Addressing the Industry and Regulators Committee, Legal & General (L&G) chair, Sir John Kingman, argued that while there was “nothing unforeseen” about a market scenario that could create liquidity concerns, "no one anticipated the government would choose to create such extraordinary instability in its own sovereign debt market".

He stated: “No one involved in this, the regulators, the central bank, the government, the advisers, the funds, the sponsors, or us, believed that it was a plausible scenario that the government would do something that would create such extraordinary market instability in two trading days."

Adding to this, L&G chief executive, Nigel Wilson, argued that the mini-Budget “caused all of us to reconsider how much risk there is in this area, and in many parts of the economy”, noting that the unprecedented volatility in the gilt market was “well outside any of the models we had ever considered”

"It was very much driven off the mini-Budget because it was very inconsistent with the message the Bank of England was giving the day before," he continued, explaining that the firm's modelling had "never taken account of this degree of stress".

When pressed by the committee as to whether the government’s signalling over the
summer should have been enough for providers to shift their stress testing, both Wilson and Kingman argued that while the direction of travel may have been expected, the lack of funding for the measures announced, and subsequent market reaction, was not.

"One thing I'm certain took the market by surprise, was the government presented these very expensive measures, but gave no indication of how they might be paid for," explained Kingman.

"The second thing, which was very significant in terms of influencing market actors, was the apparent reaction from government over the weekend, which was an indication that not only did the government think it had done the right thing, but that there was a lot more to come."

"The market reaction was way more than expected," agreed Wilson, clarifying however, that changes have been made, and this has now been incorporated into the provider's stress testing, with the headroom held by funds doubled.

"We think that’s an appropriate way to behave right now," he added, suggesting that, when the dust settles, there will be a broader review of what the appropriate stress test is.

Indeed, Kingman said that "probably the most important thing" to take from the recent experience is considering how extreme a scenario should LDI vehicles be insulated from.

"At the moment we‘ve worked with authorities to make sure [LDI funds] are extremely well insulated,", Kingman stated, suggesting that while it is unlikely anyone will advocate going back "simply where we were", there is a balance to be found between protection and cost.

"We can operate with whatever level of risk protection everyone wants, but there is no free lunch, and the more protection there is in the system, the greater the cost will be to pension funds and their sponsors," he stated.

Kingman suggested that this should be considered as part of a process of reflection, emphasising the need to also consider the benefits provided by LDI over 20 years, alongside the "clear risk exposure" highlighted by recent events.

"We certainly believe, and I think the pensions industry believes and their sponsors believe, LDI has created enormous value for pension funds over a long period," he stated.
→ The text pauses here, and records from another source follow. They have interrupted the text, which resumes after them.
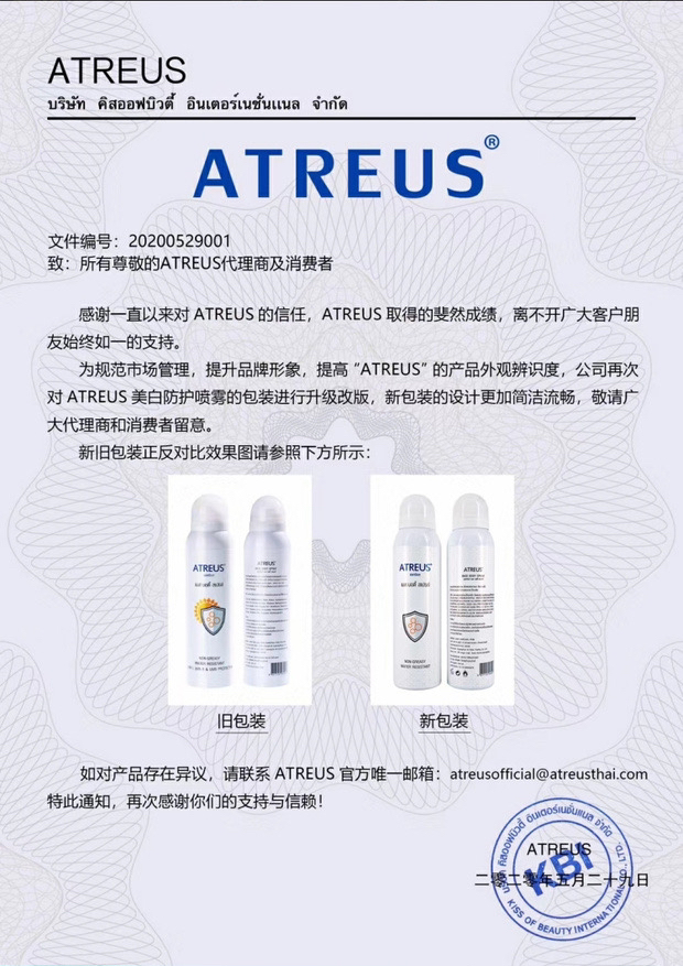 泰国Atreus牛奶防晒喷雾150ml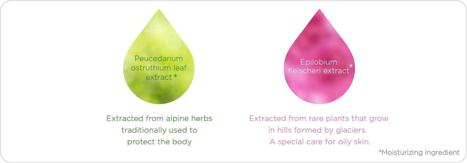 Made with the extracts of rare, organic plants (Peucedanum ostruthium leaf extract and Epilobium fleischeri extract) grown in alpine environments. Treats everyday skin damage while addressing excess sebum. Also it contains ingredients which would enhance elasticity, three types of ceramides, botanical extracts, vitamins (derivatives), shea butter, and other beneficial components.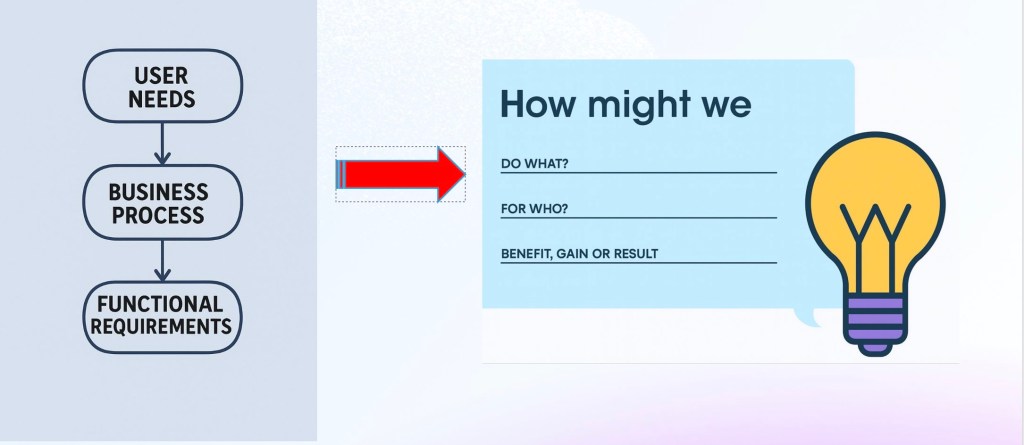 Stop thinking in functional requirements and start to think how might we do what, for who and what are the benefits, gains or results.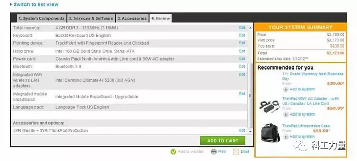 联想在美国采用订单式销售,也就是用户可以在网站上自己选择配置;而在中国用户不可以自己选配置,所有计算机的配置都是联想规定好的。于是我在联想中国网站上选择几款机器,它们的配置都是联想给定的,配置和价格一目了然;同时在联想美国官网参照中国官网的配置和保修服务提交订单,比对两个网站显示的价格差异。这里特别需要说明,因为联想THINKPAD在国内的高端机型都赠送意外保护,而此项服务在美国需要消费者另行购买,因此在美国官网选择相同配置机型的时候,我也加上了意外保护服务的价格。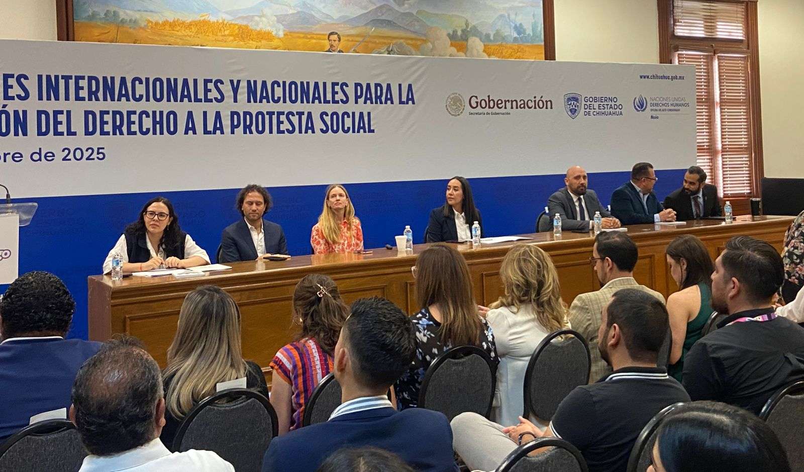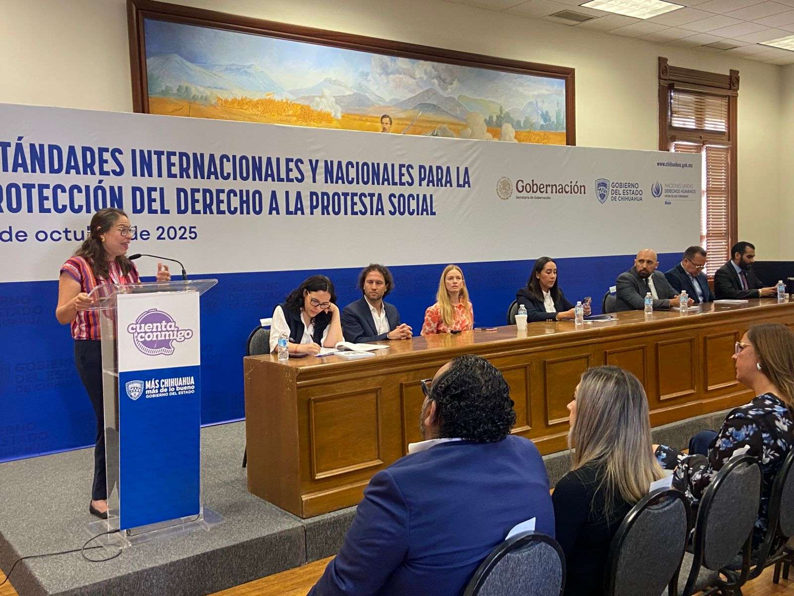 Chihuahua.- En el salón Sacramento de Palacio de Gobierno se llevó a cabo la presentación del foro Estándares Internacionales y Nacionales para la Protección del Derecho a la Protesta Civil, donde se realizaron una serie de ponencias.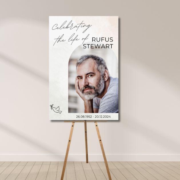 A celebration of life poster provides a simple and elegant tribute that keeps the focus on your loved one. Unlike collage-style boards or directional signage, this design offers a refined, uncluttered presentation that feels modern and timeless.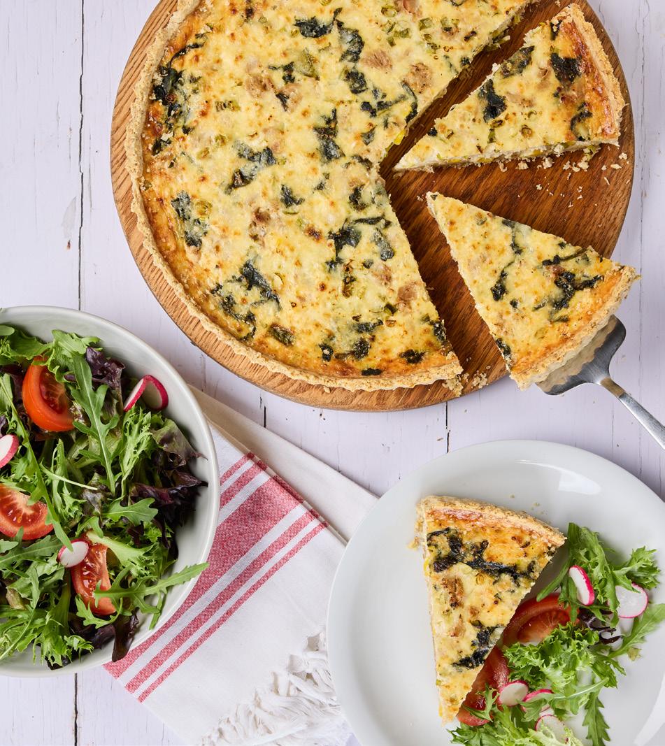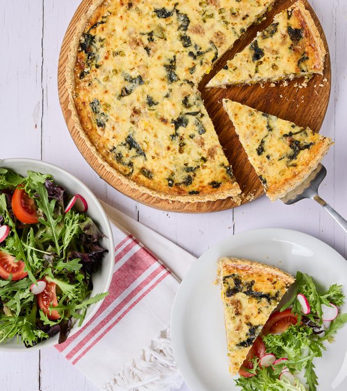 9. Mix the salad ingredients together and serve with the quiche. The quiche is delicious warm or cold.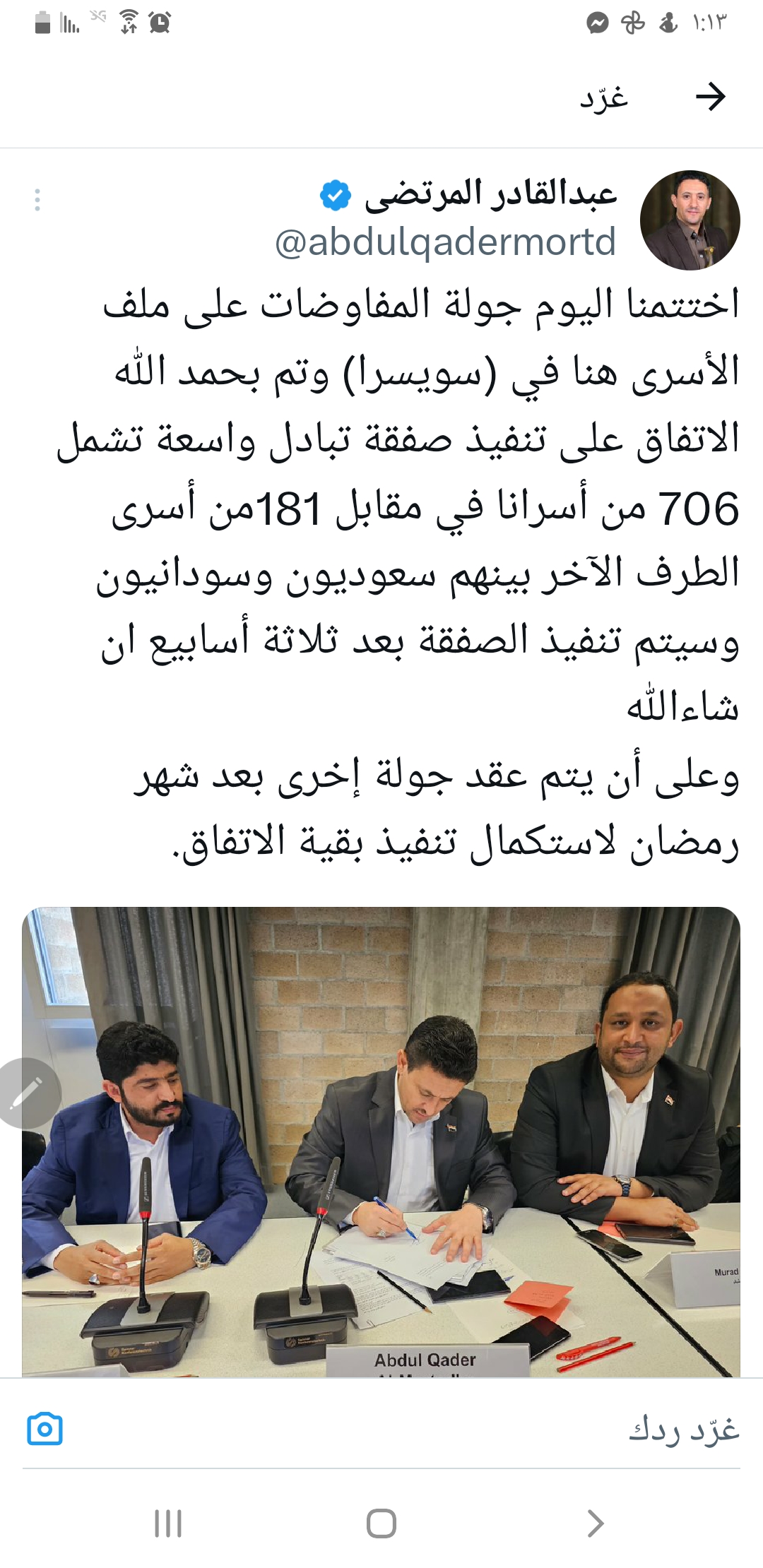 من جانبة اوضح رئيس لجنة الأسرى عبدالقادر المرتضى ان الاتفاق يتم تنفيذة خلال الثلاثة الاسابيع القادمة.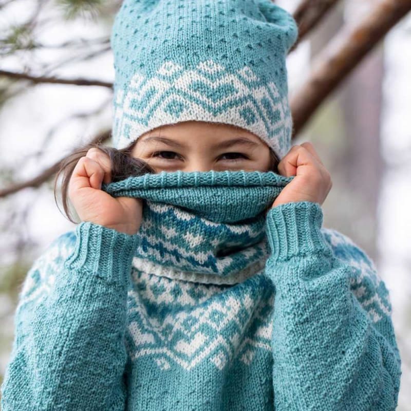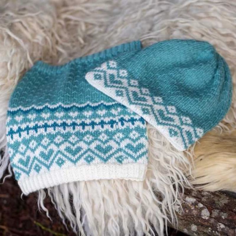I pakken får du med GT Silja superwash i blågrønn (farge 367), natur (farge 300), petrol (farge 370), samt mønster (levert digitalt).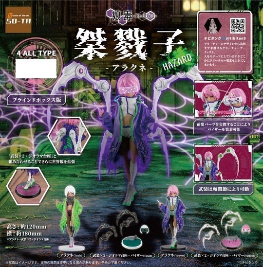 【ガチャフィギュア】SO-TA「桀戮子 -アラクネ- HAZARD」ブラインドボックス版 予約開始、毒々しいカラーとなって再登場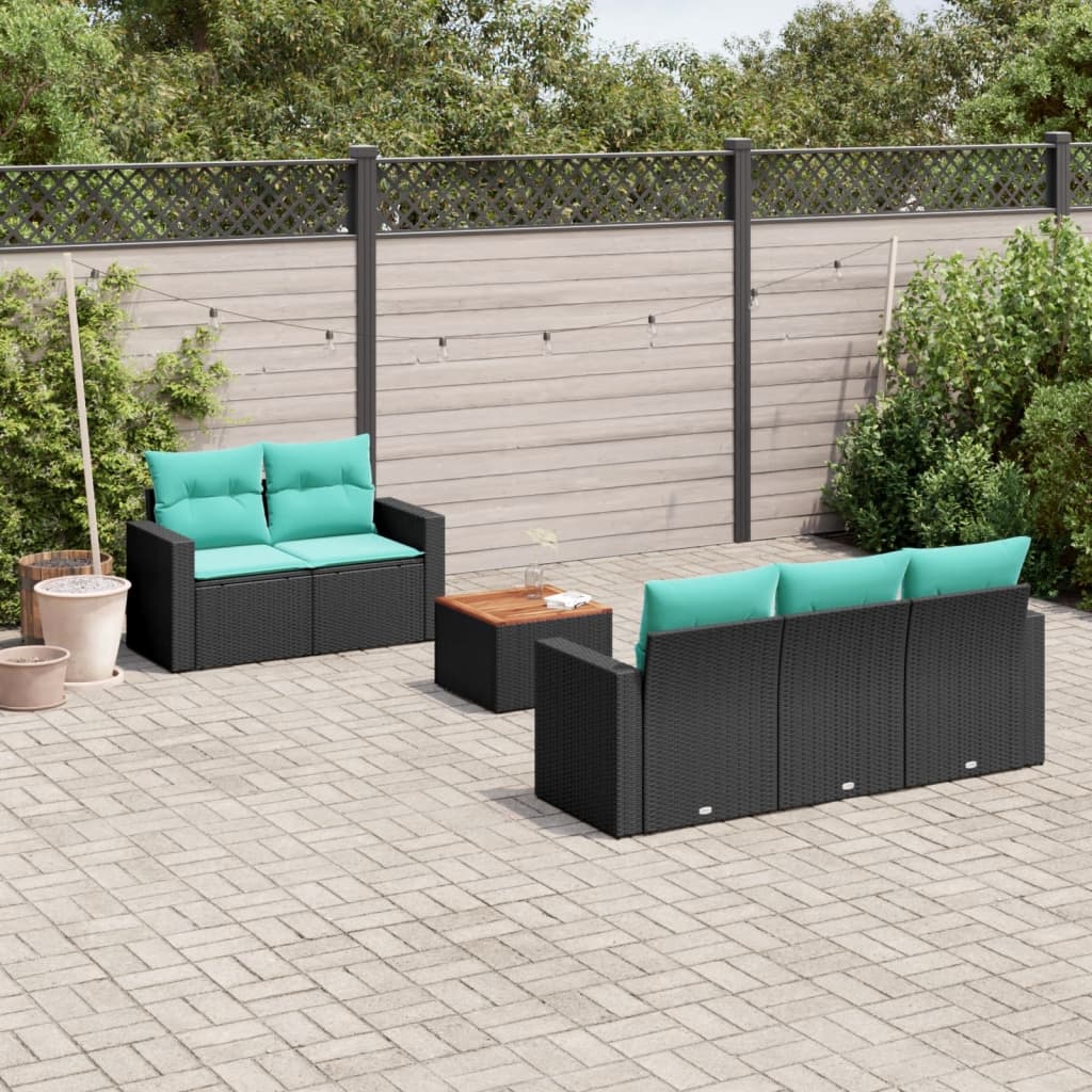 6 pcs conjunto de sofás p/ jardim c/ almofadões vime PE preto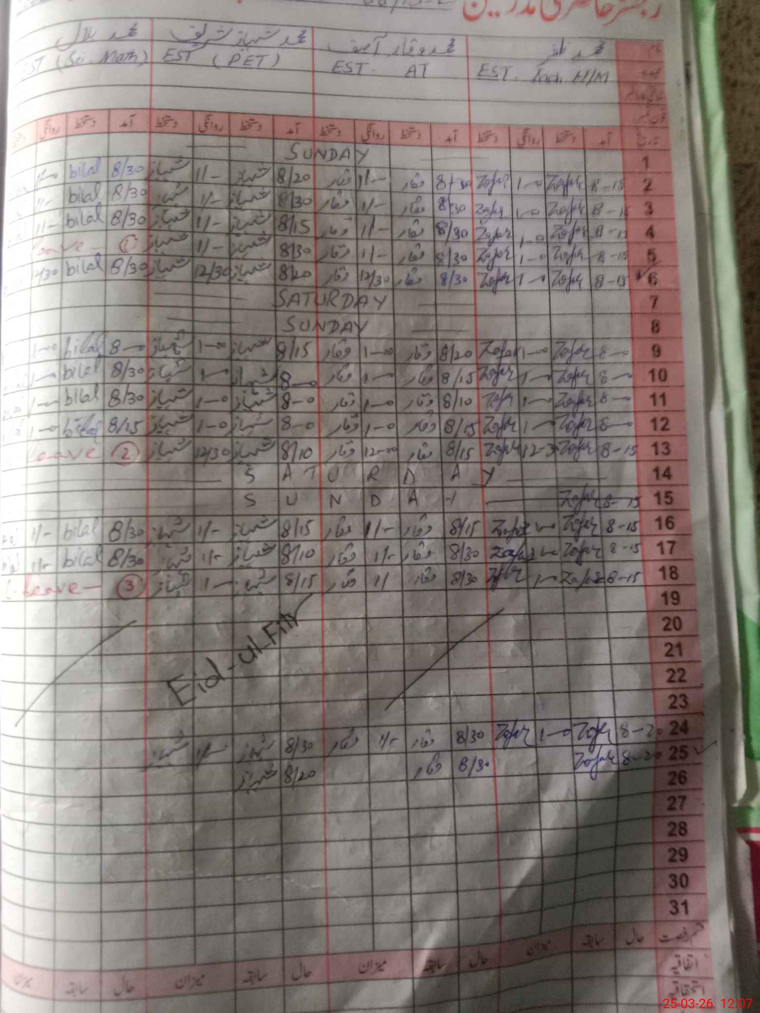 | 36**** | Mu**** Ra**** | PST Science/Maths | Regular | 0 | 0 | 0 | 0 | 0 | 0 | 0 | 0 | 0 | Casual |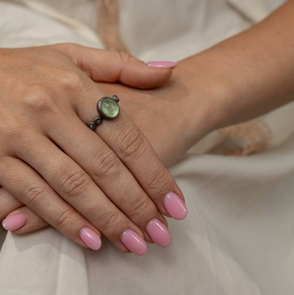Μοντέρνο δαχτυλίδι, από ασήμι 925' με πράσινο φθορίτη σε οβάλ σχήμα. Επιροδιωμένο για μία ανθρακί απόχρωση. Ένα πολύ μοντέρνο σχέδιο και εντυπωσιακό για το χέρι σας το οποίο θα το λατρέψετε. Εάν σας αρέσει το συγκεκριμένο στυλ, επικοινωνήστε μαζί μας για να διαλέξετε από τη μεγάλη συλλογή μας με πέτρες για να το προσαρμόσετε ακριβώς στο γούστο σας.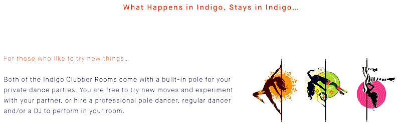 • There are pictures of poles, and then it states “what happens in Indigo, stays in Indigo”

In addition to this, Kingman suggested that greater consideration is needed around the type of collateral that can be used in conditions of liquidity stress, arguing that this "would have greatly eased the situation we’ve just been through".

Although Kingman supported the idea of regulating investment consultants, following suggestion from the Financial Conduct Authority (FCA) that there is a “gap in regulation” around investment consultants, he argued that this is unrelated to the recent issues around LDI.

"I think the debate around regulating consultants has nothing to do with this, I don’t think that were consultants regulated this episode would have been avoided," he stated.